[What you need to do]:
Each entry is to be given again precisely, and no picture may be carried over.

[Dataset items]:
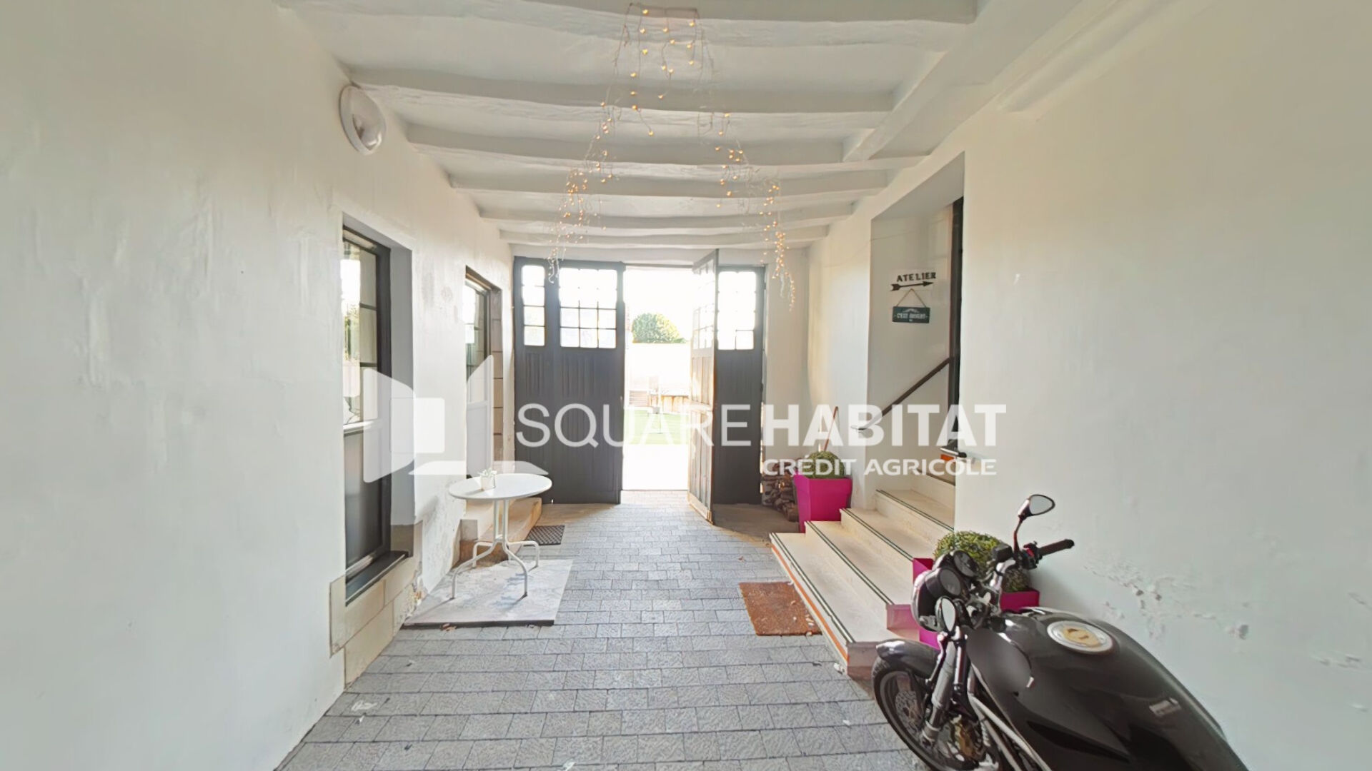 Sous le porche à droite, une pièce chauffée de 42m avec WC point d'eau pouvant faire office d'un futur studio ou bien un local pour une activité indépendante.
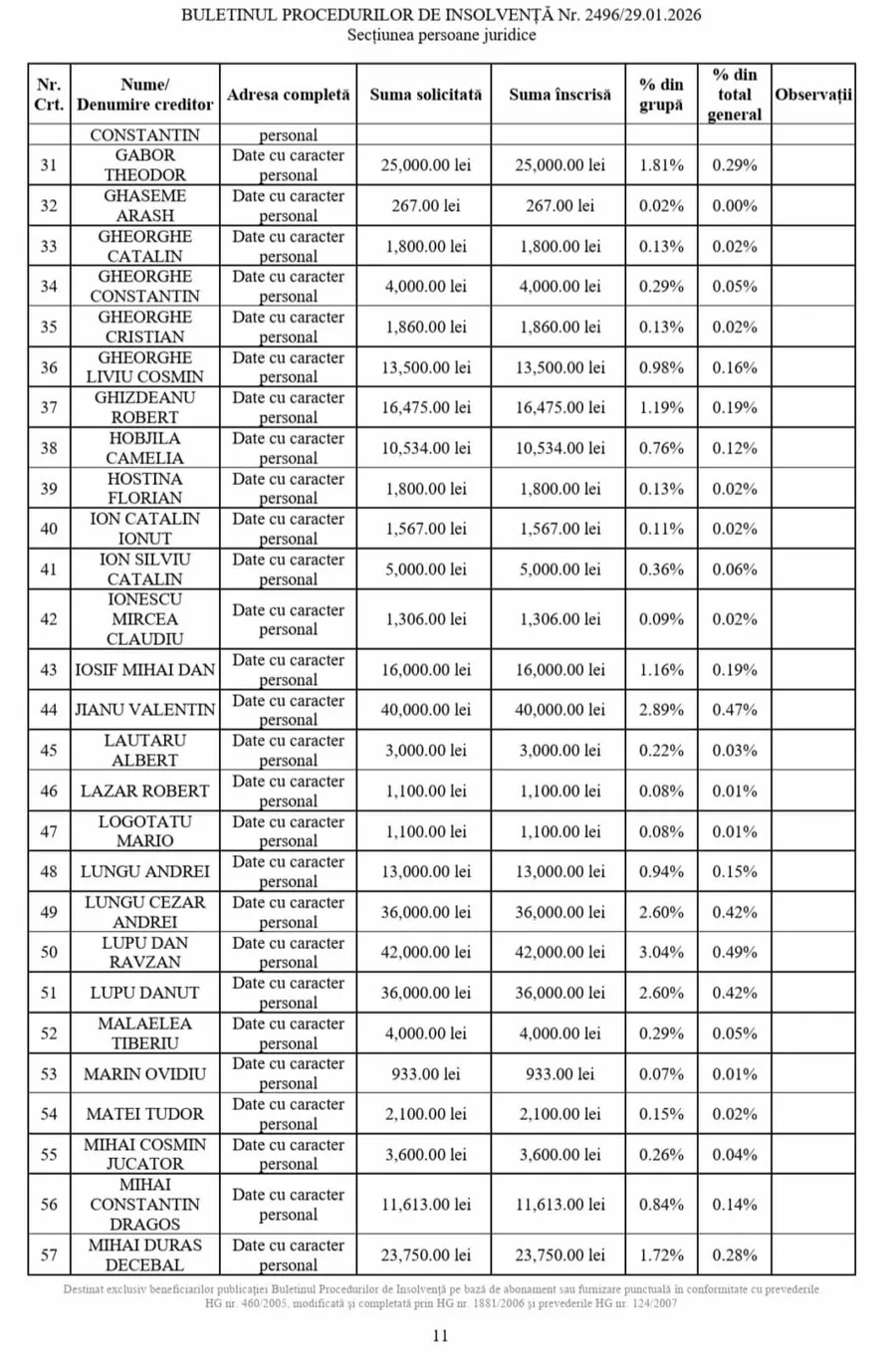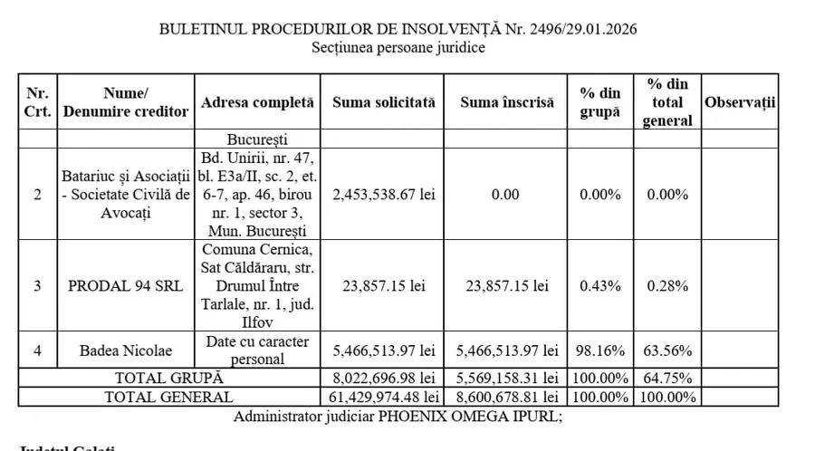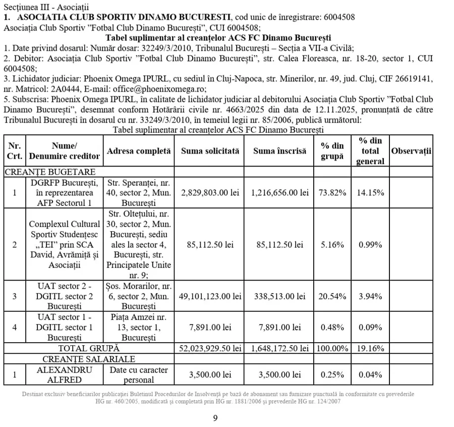 ProSport vă prezintă cine sunt aceștia și care sunt sumele totale înscrise, dar și cele acceptate de administratorul judiciar Phoenix Omega IPRL.
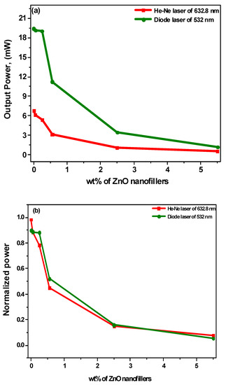 The study gains strength from including the optical limiting effect in exploring the non-linear optical properties of ZnO-doped PVA/PVP nanocomposites. The limiting effect refers to the threshold at which incoming light is restricted from accessing the films. This investigation employs two laser sources with wavelengths of 632.8 and 532 nm. In Figure 8a,b, the relationship between output power and normalized power is plotted for the two lasers as a function of the ZnO-filled PVA/PVP film’s weight percentage. Interestingly, an increase in the weight percentage of ZnO leads to a decrease in output power and its corresponding normalized power (i.e., output power divided by input power), potentially caused by an uncontrolled factor defocusing the laser beam. However, adding more ZnO NPs in the host matrix shows a significant exponential reduction in the optical limiting effect. These findings suggest that the proposed ZnO-doped PVA/PVP polymeric films exhibit the potential for higher laser attenuation, thus providing solid evidence for the films’ suitability in laser applications.
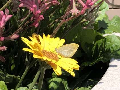 とてもいい天気の中、モンシロチョウたちが玄関前にたくさん集まって来ています。
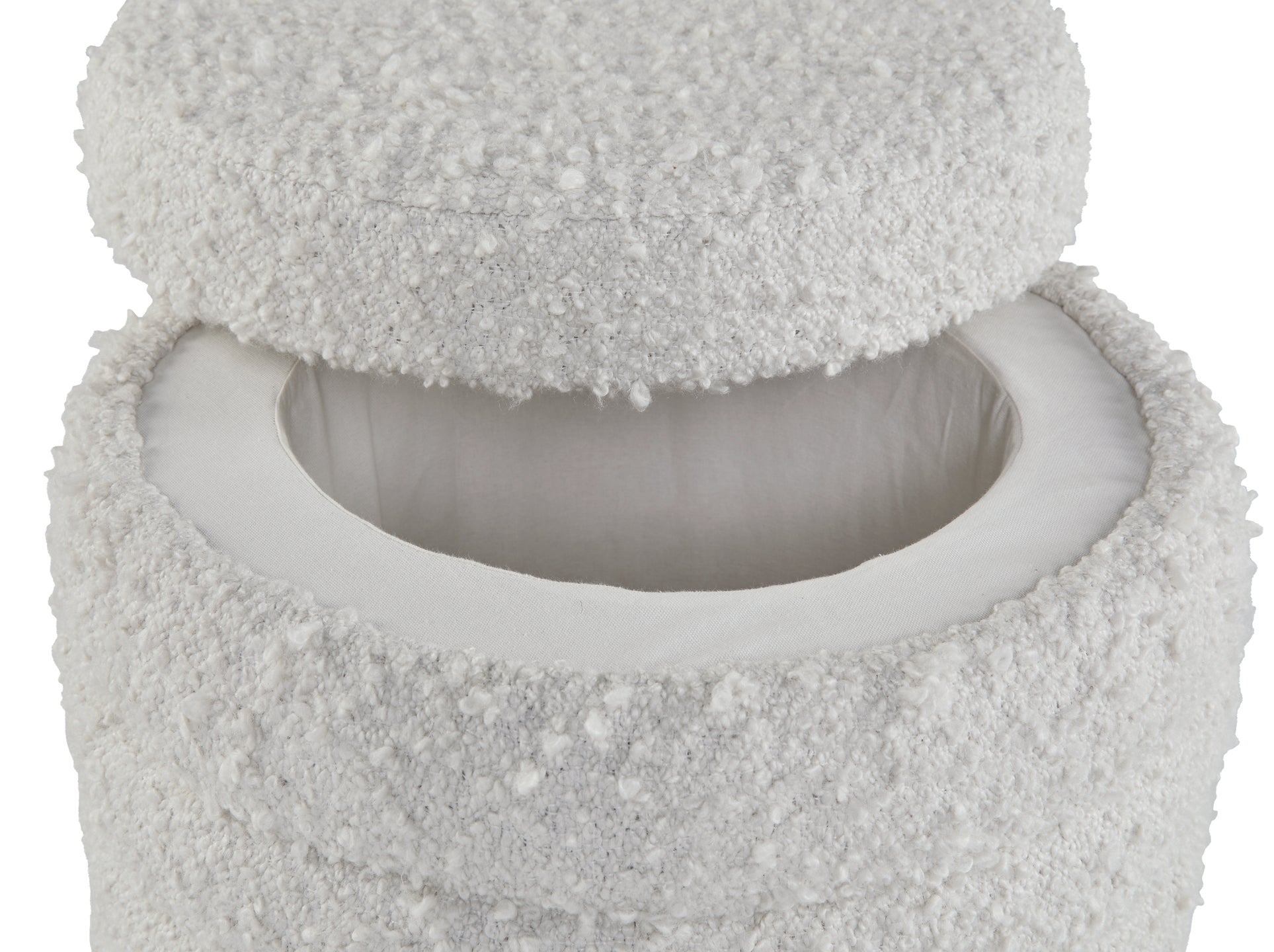 | Details | Boucle polyester upholstery, Removable top for storage | |
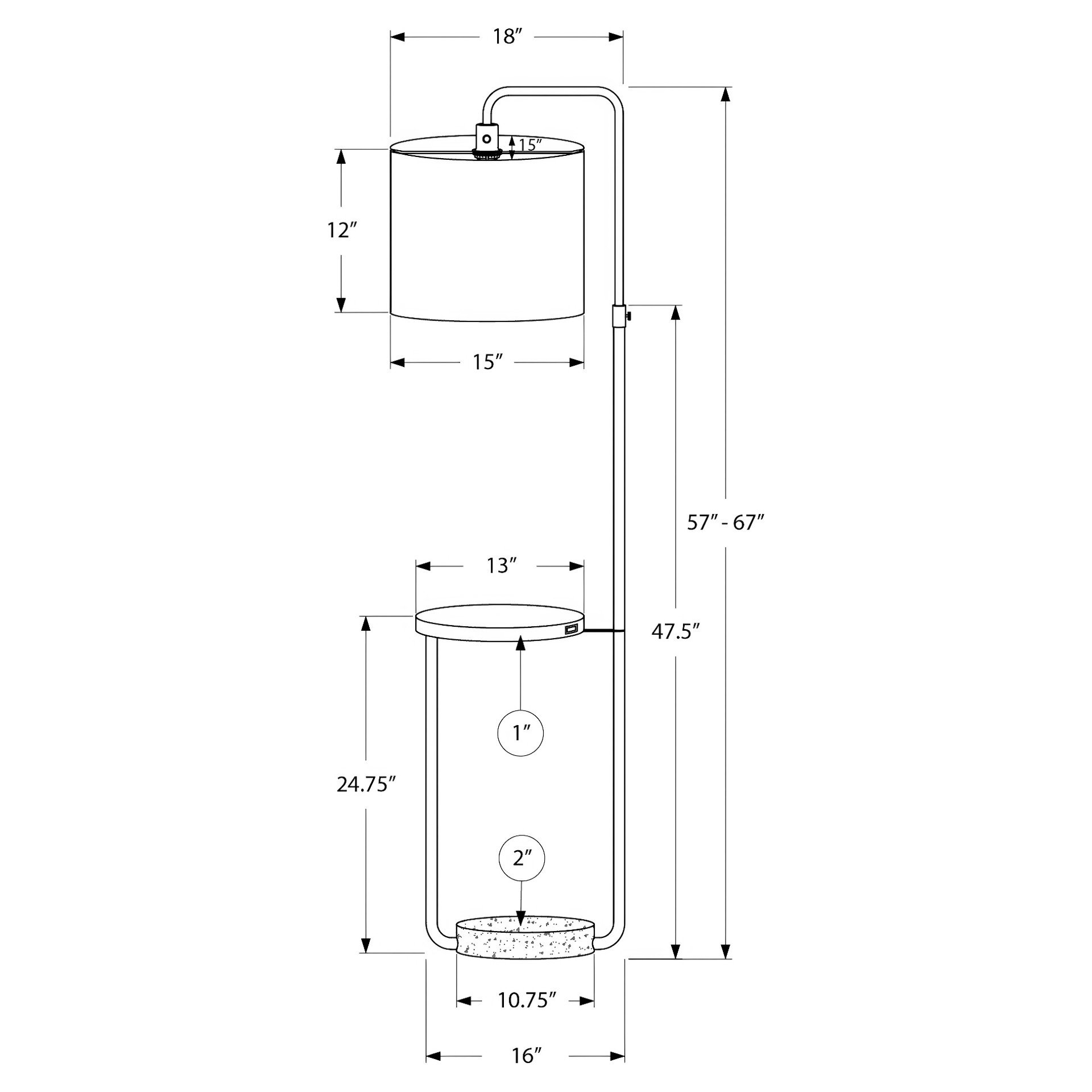 Lampe sur pied table d'appoint intégrée Monarch Specialties
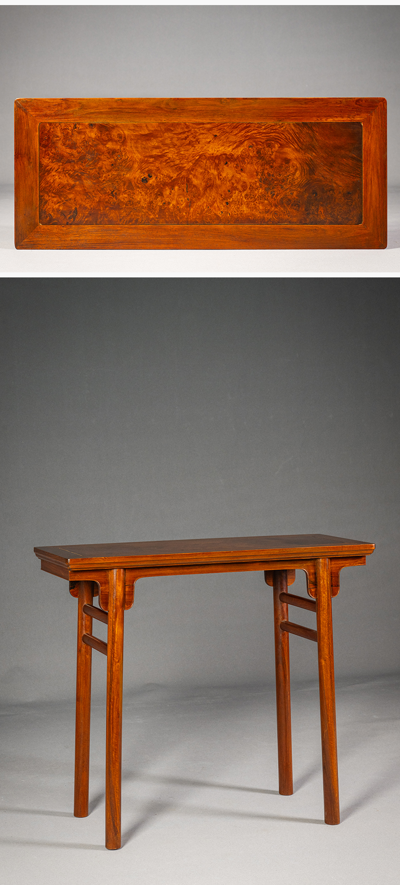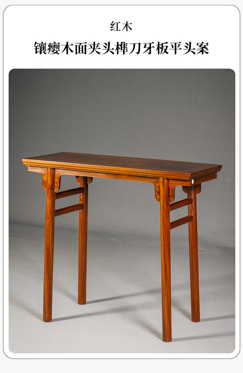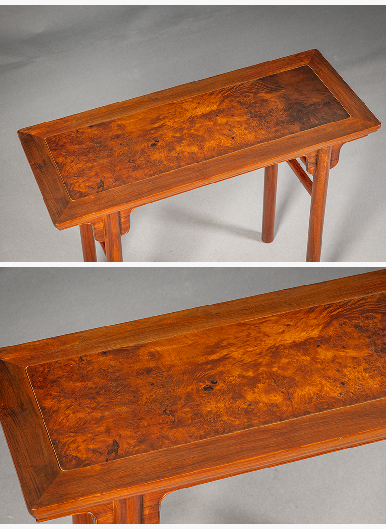 红木镶瘿木面夹头榫刀牙板平头案
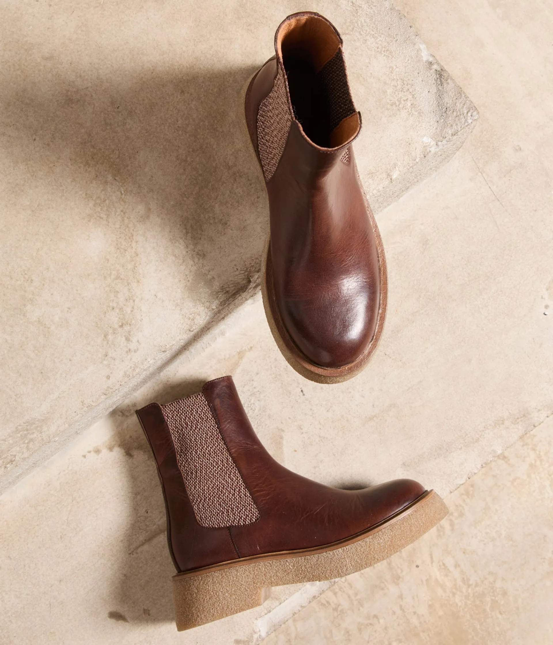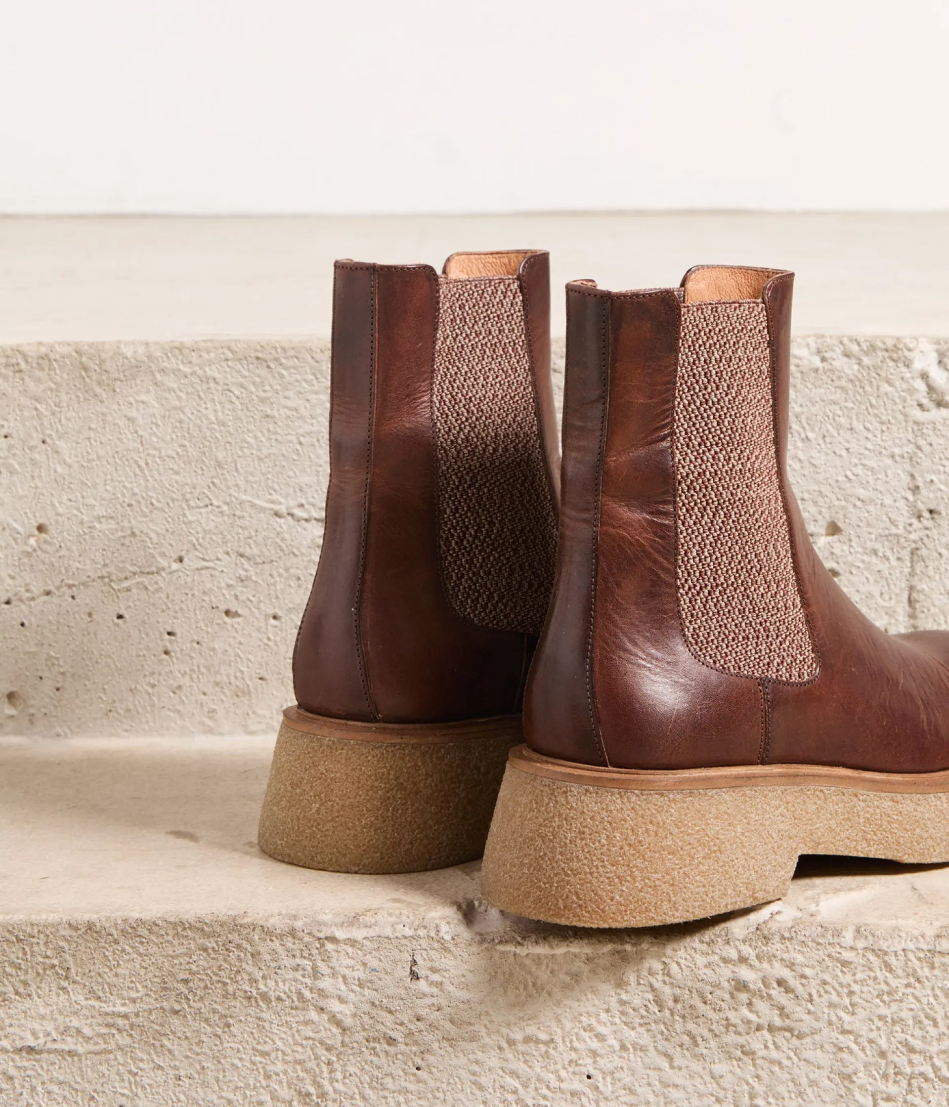 Dans la famille des boots pour femme, on demande… les Chelsea (identifiables à leurs élastiques latéraux). Cuir marron, détails fantaisie, semelles semi-compensées façon crêpe, le modèle Brianna donne tout pour célébrer le festival d’automne (à prolonger tout l’hiver). Costume en velours côtelé, coloris chinés et détails frangés acceptés. Brianna c’est l’esprit vintage à son apogée. Son cuir gardera des traces de vos péripéties. Si vous voulez les atténuer, il vous suffit de frotter avec votre main.

[Written reply]:
 Sous le porche à droite, une pièce chauffée de 42m avec WC point d'eau pouvant faire office d'un futur studio ou bien un local pour une activité indépendante.
 ProSport vă prezintă cine sunt aceștia și care sunt sumele totale înscrise, dar și cele acceptate de administratorul judiciar Phoenix Omega IPRL.
 The study gains strength from including the optical limiting effect in exploring the non-linear optical properties of ZnO-doped PVA/PVP nanocomposites. The limiting effect refers to the threshold at which incoming light is restricted from accessing the films. This investigation employs two laser sources with wavelengths of 632.8 and 532 nm. In Figure 8a,b, the relationship between output power and normalized power is plotted for the two lasers as a function of the ZnO-filled PVA/PVP film’s weight percentage. Interestingly, an increase in the weight percentage of ZnO leads to a decrease in output power and its corresponding normalized power (i.e., output power divided by input power), potentially caused by an uncontrolled factor defocusing the laser beam. However, adding more ZnO NPs in the host matrix shows a significant exponential reduction in the optical limiting effect. These findings suggest that the proposed ZnO-doped PVA/PVP polymeric films exhibit the potential for higher laser attenuation, thus providing solid evidence for the films’ suitability in laser applications.
 とてもいい天気の中、モンシロチョウたちが玄関前にたくさん集まって来ています。
 | Details | Boucle polyester upholstery, Removable top for storage | |
 Lampe sur pied table d'appoint intégrée Monarch Specialties
 红木镶瘿木面夹头榫刀牙板平头案
 Dans la famille des boots pour femme, on demande… les Chelsea (identifiables à leurs élastiques latéraux). Cuir marron, détails fantaisie, semelles semi-compensées façon crêpe, le modèle Brianna donne tout pour célébrer le festival d’automne (à prolonger tout l’hiver). Costume en velours côtelé, coloris chinés et détails frangés acceptés. Brianna c’est l’esprit vintage à son apogée. Son cuir gardera des traces de vos péripéties. Si vous voulez les atténuer, il vous suffit de frotter avec votre main.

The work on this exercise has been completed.